As food choices are usually processed subconsciously, both situational and food environment cues influence choice. This study developed and tested a mobile app to investigate the association between physical and digital environments on snack choices. SnackTrack was designed and used to collect data on the snack choices of 188 users in real-life settings during an 8-week feasibility trial. The app asks users to take a photo of the food they are planning to consume and to provide additional information regarding the physical environment and context in which this food was eaten. The app also displayed various user interface designs (i.e., different background images) to investigate the potential effects of images on snack choice. Preliminary results suggest that the time of snack obtainment did not have a significant effect on the healthfulness of the snacks chosen. Conversely, it was found that unhealthy background images appeared to encourage healthier snack choices. In conclusion, despite consumers having the knowledge to make healthy choices, environmental cues can alter food choices. SnackTrack, a novel tool to investigate the influence of physical and digital environments on consumers’ food choices, provides possibilities for exploring what encourages (un)healthy eating behaviours.

1. Introduction

Consumer behaviour, including food and nutrition choices, is influenced by factors at the individual and environmental levels.

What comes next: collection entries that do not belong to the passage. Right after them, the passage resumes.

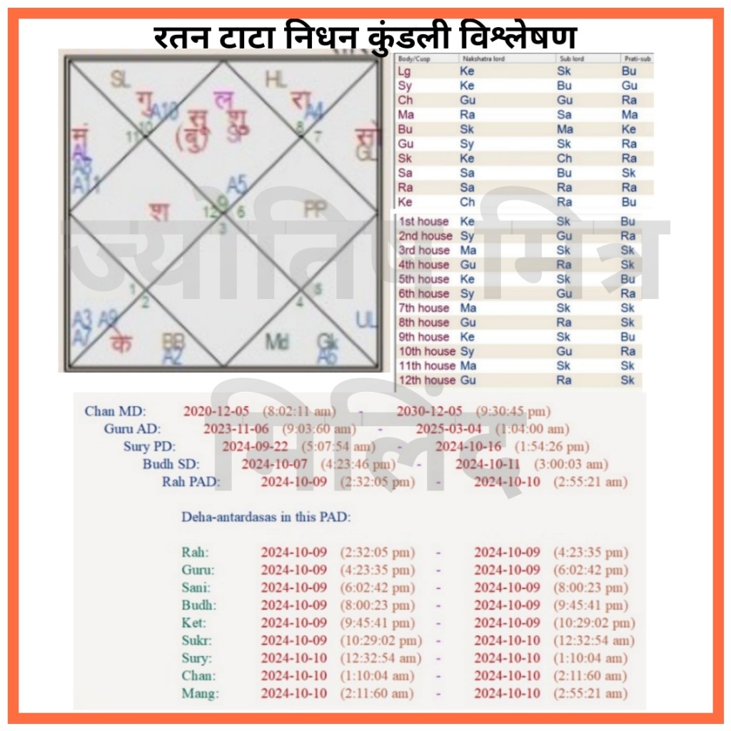 ही ग्रह व दशा स्थिती पुरेशी बोलकी आहे व त्यामुळे रतनजी टाटा यांचेसारखे एक अनमोल रत्न ०९ ऑक्टोबर २०२४ रात्री ११.३० वा. बीच कॅन्डी हॉस्पिटलमध्ये काळाच्या पडद्या आड गेले.
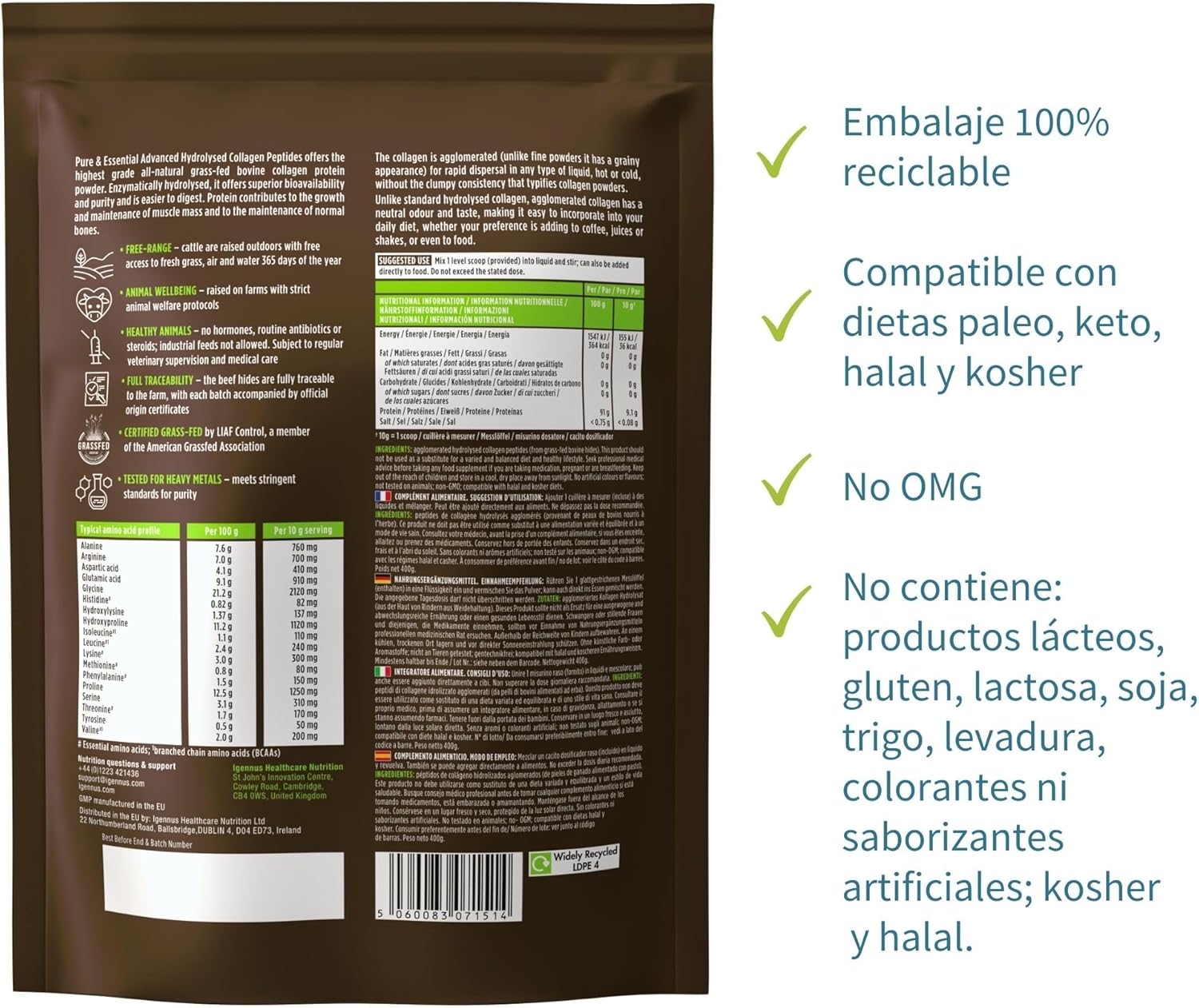 HIGH QUALITY AND CERTIFIED 100% GRASS-FREE – It is pure and natural, of the highest quality, collagen from farms raised beef with strict animal welfare protocols. No hormones, industrial feed, or routine antibiotics
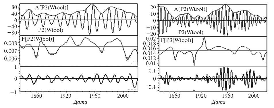 Применяя процедуры (1) к рядам Р2(Wtool) и Р3(Wtool), мы переходим к соответствующим медленно меняющимся огибающим (амплитудам) A[Р2], A[Р3] и “мгновенным” частотам в обратных месяцах F[Р2], F[Р3], обзор которых представлен на рис. 3. (слева- результаты для Р2(Wtool), справа – для Р3(Wtool), ось Х – дата).
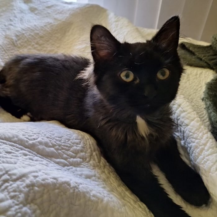 I’m a 3-month-old black and white kitten with a big love for playtime and all the fun things a growing kitten should enjoy. I’m curious, cheeky, and full of kitten energy, and I’m currently growing well and feeling good. I might move a little differently to other kittens, but that doesn’t slow me down from enjoying toys, naps, and spending time with my people.
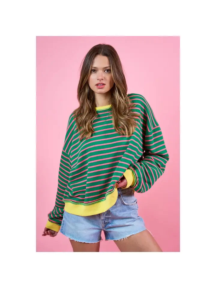 Traditional knit rib on neck / sleeve hem / bottom opening hem Contrast thread A stylish and cozy sweatshirt is crafted from luxurious French Terry fabric. The standout feature is the contrast color block detailing, which adds a modern twist to the classic striped design. Shell: 50% cotton 50% polyester Contrast: 95% cotton 5% spandex
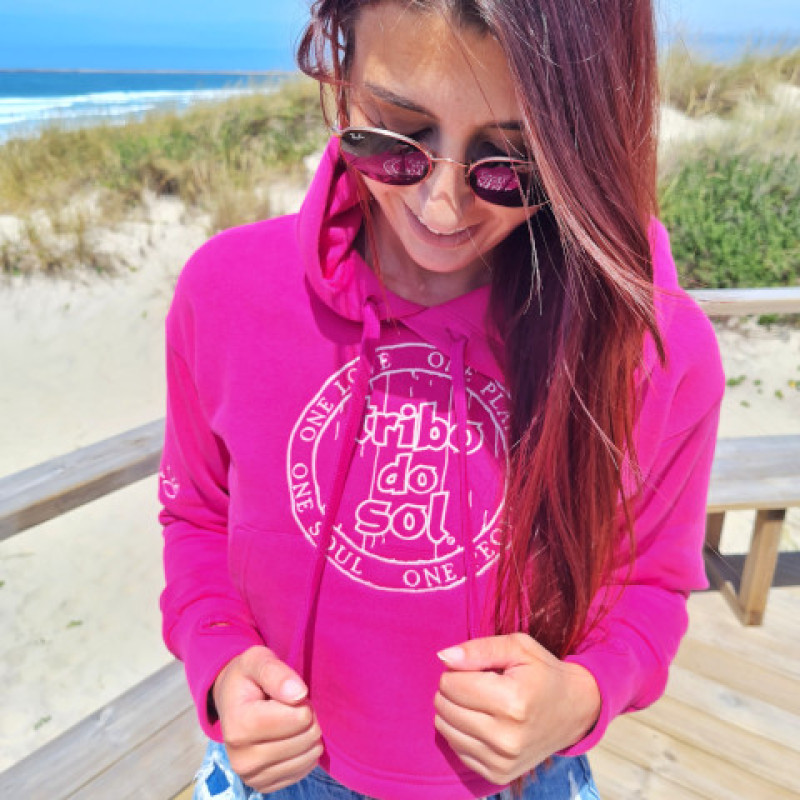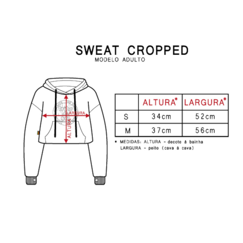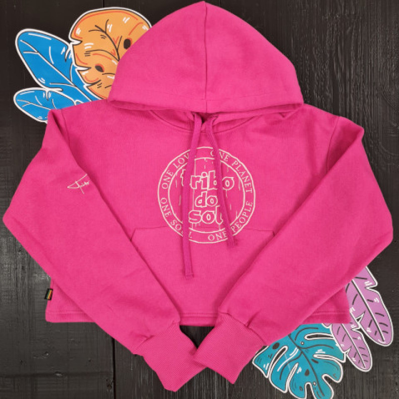 Kanguru cropped com logótipo original Tribo do Sol Outline bordado no peito e bordado de letras na manga.
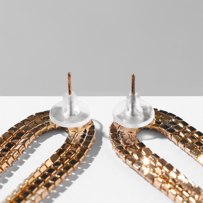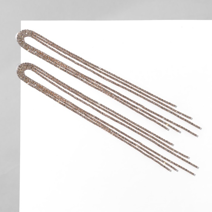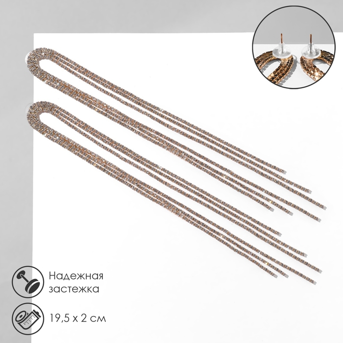 Серьги висячие со стразами «Голливуд» полукруг, 6 рядов, цвет белый в золоте, 19,5 см
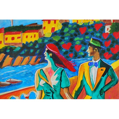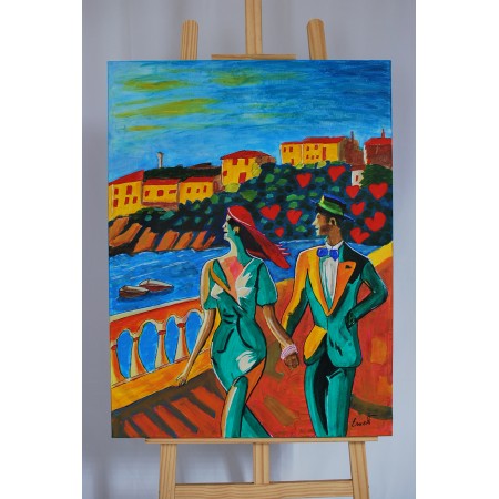 En esta obra, plasmé la vibrante energía del amor y la pasión con colores vivos y expresivos propios del fauvismo. La pareja paseando simboliza la unión y el camino compartido, destacando en un entorno semi-abstracto que juega con la forma y el color para evocar felicidad y dinamismo. Este cuadro no solo ilumina cualquier espacio con su calidez, sino que también invita a celebrar los momentos de conexión humana.
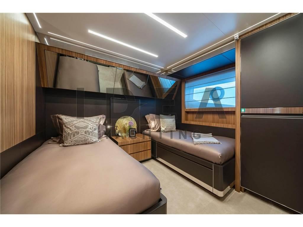 Tappezzerie: Cuscineria completa, Cuscineria di poppa, Cuscineria di prua, Cuscineria fly, Cuscineria Pozzetto, Tendalino (in the flybridge and in the bow).
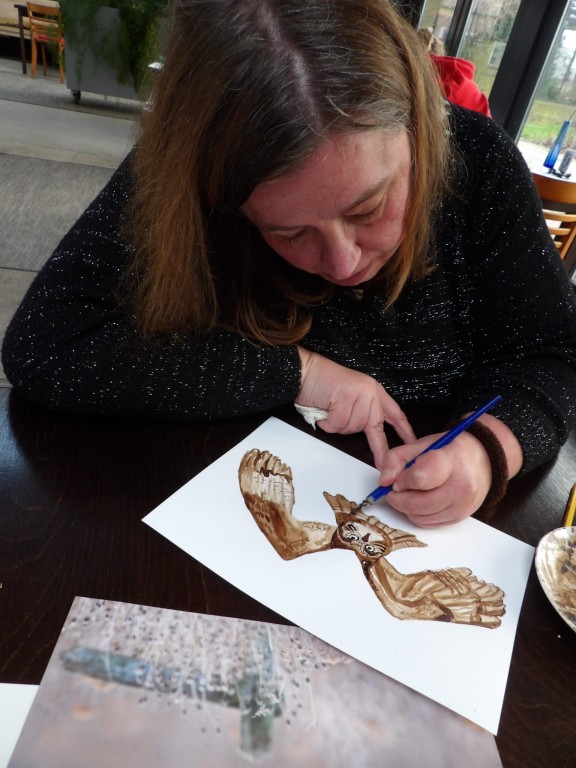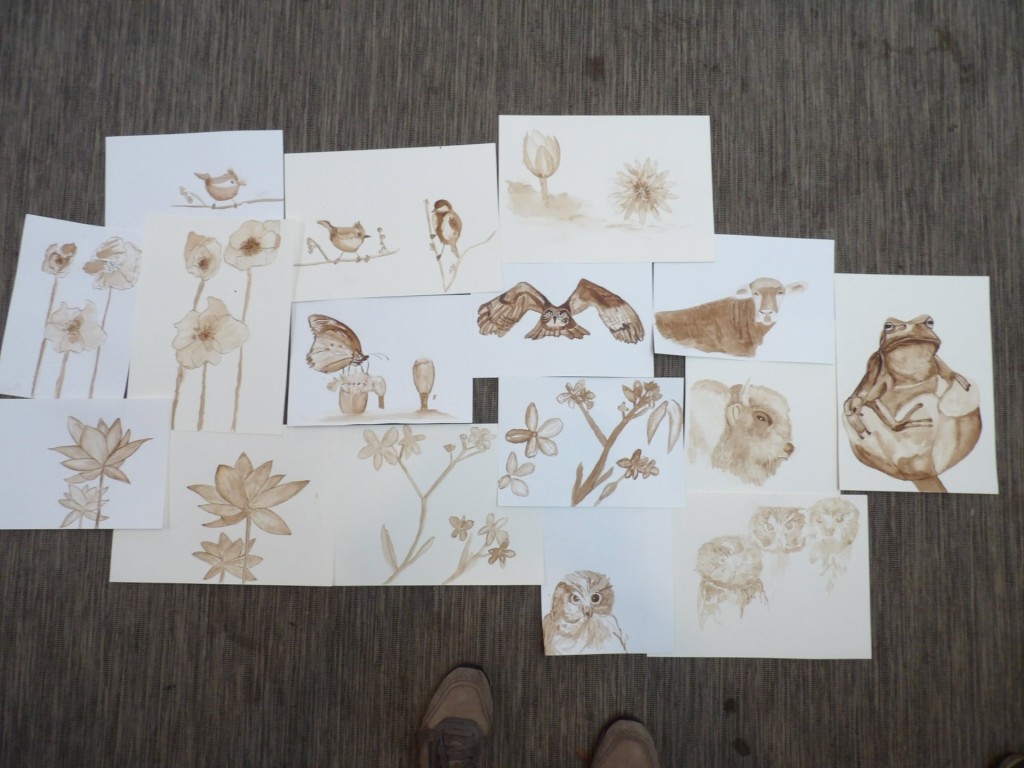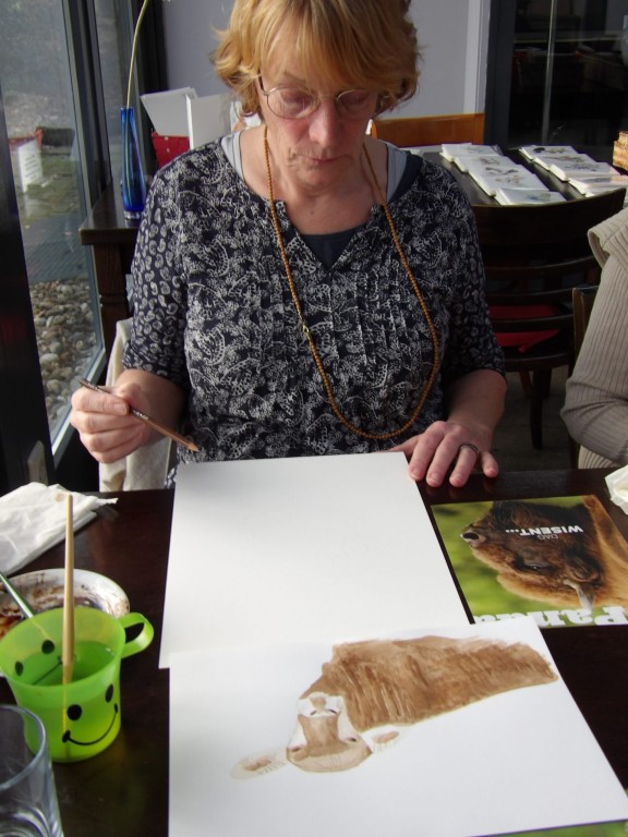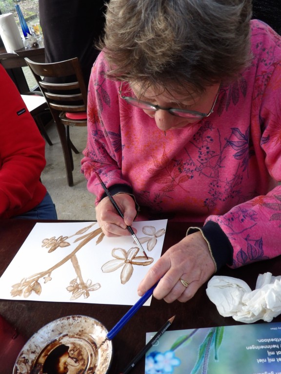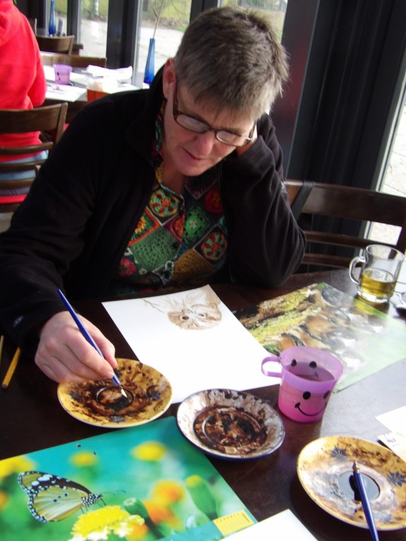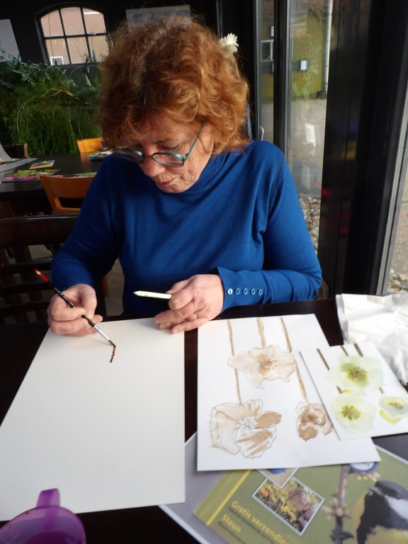 Bart Hiddinga van Theetuin Vierakker nodigde mij uit om een workshop te geven aan een aantal dames. De actieve deelnemers vormden samen een hecht spinning clubje en ze kwamen dan ook op de fiets van Zutphen naar Vierakker. Het was een verrassingscadeautje voor hun jarige clubgenoot, dus zij wist niet wat haar te wachten stond. Het werd tekenen met bister.
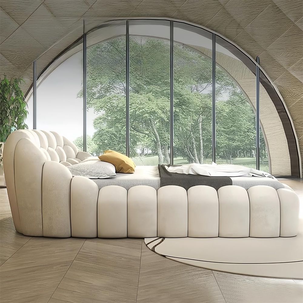 Modern Cloud Tufted Upholstered Bed – Curved Bubble Design – Beige Velvet – Luxury Contemporary Bedroom Furniture – Super King Size Bed 200 × 200
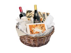 Indulge in the Mid-Mod Vibe with 2 vintage wines, a humorous collection of birdy with paired with retro art, a canvas bag to tote your collection, and a ceramic planter sure to blend with any decor.
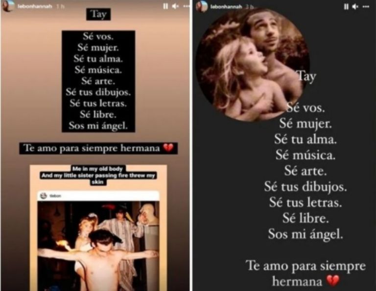 "Tay. Sé vos. Sé mujer. Sé tu alma. Sé arte. Sé tus dibujos. Sé tus letras. Sé libre. ¡Sos mi ángel. Te amo para siempre hermana", expresó Hannah en sus historias de Instagram. En el posteo incluyó una imagen en la que está junto a su hermana. Imagen que tiempo atrás había compartido la misma Tayda en su propia cuenta de la mencionada red social.

However, the DONE interactive framework [1] demonstrates that environmental factors have the greatest influence on food choices, and importantly, they can be modified. Therefore, strategies to improve dietary habits that are linked with food choices need to focus not only on individual behaviours but also on the food environment and the conditions in which people live and make food choices [2].

Some environmental factors shown to influence food choice and amounts consumed include availability, the effort required for consumption [3], the variety [4] and portion sizes [5] of food presented. Hence, strategically restructuring physical and digital food choice environments appears to be a promising avenue to improve dietary habits and promote population health [6,7]. Modifying the environment by making healthier choices easier and more accessible may have a positive influence on consumers’ food choices. This approach has been described as nudging, which is defined as “any aspect of the choice architecture that alters people’s behaviour in a predictable way without forbidding any options or significantly changing their economic incentives.” [6].

An individual’s health behaviour is determined by conscious and systematic intentions, as well as by automatic, nonintentional and subconscious processes [8]. While habits, including eating habits, can be difficult to change at the individual level, they are affected by environmental cues, such as the visibility of food, which are frequently processed unconsciously. Thus, environmental cues, which are processed outside of conscious awareness, could help in targeting automatic, effortless and spontaneous processes and therefore nudge healthier food choices [9,10,11,12]. One such potential cue is imagery, which carries messages which viewers decode and react to [13]. Food imagery, particularly, may increase food-related thoughts, cravings, hunger, guilt, appetitive appeal, and motivation to eat [11]. It has been shown that images influence consumers’ trust and ease of use of websites [14]. However, to date, few studies have investigated if and how imagery influences food choices [15,16,17,18,19].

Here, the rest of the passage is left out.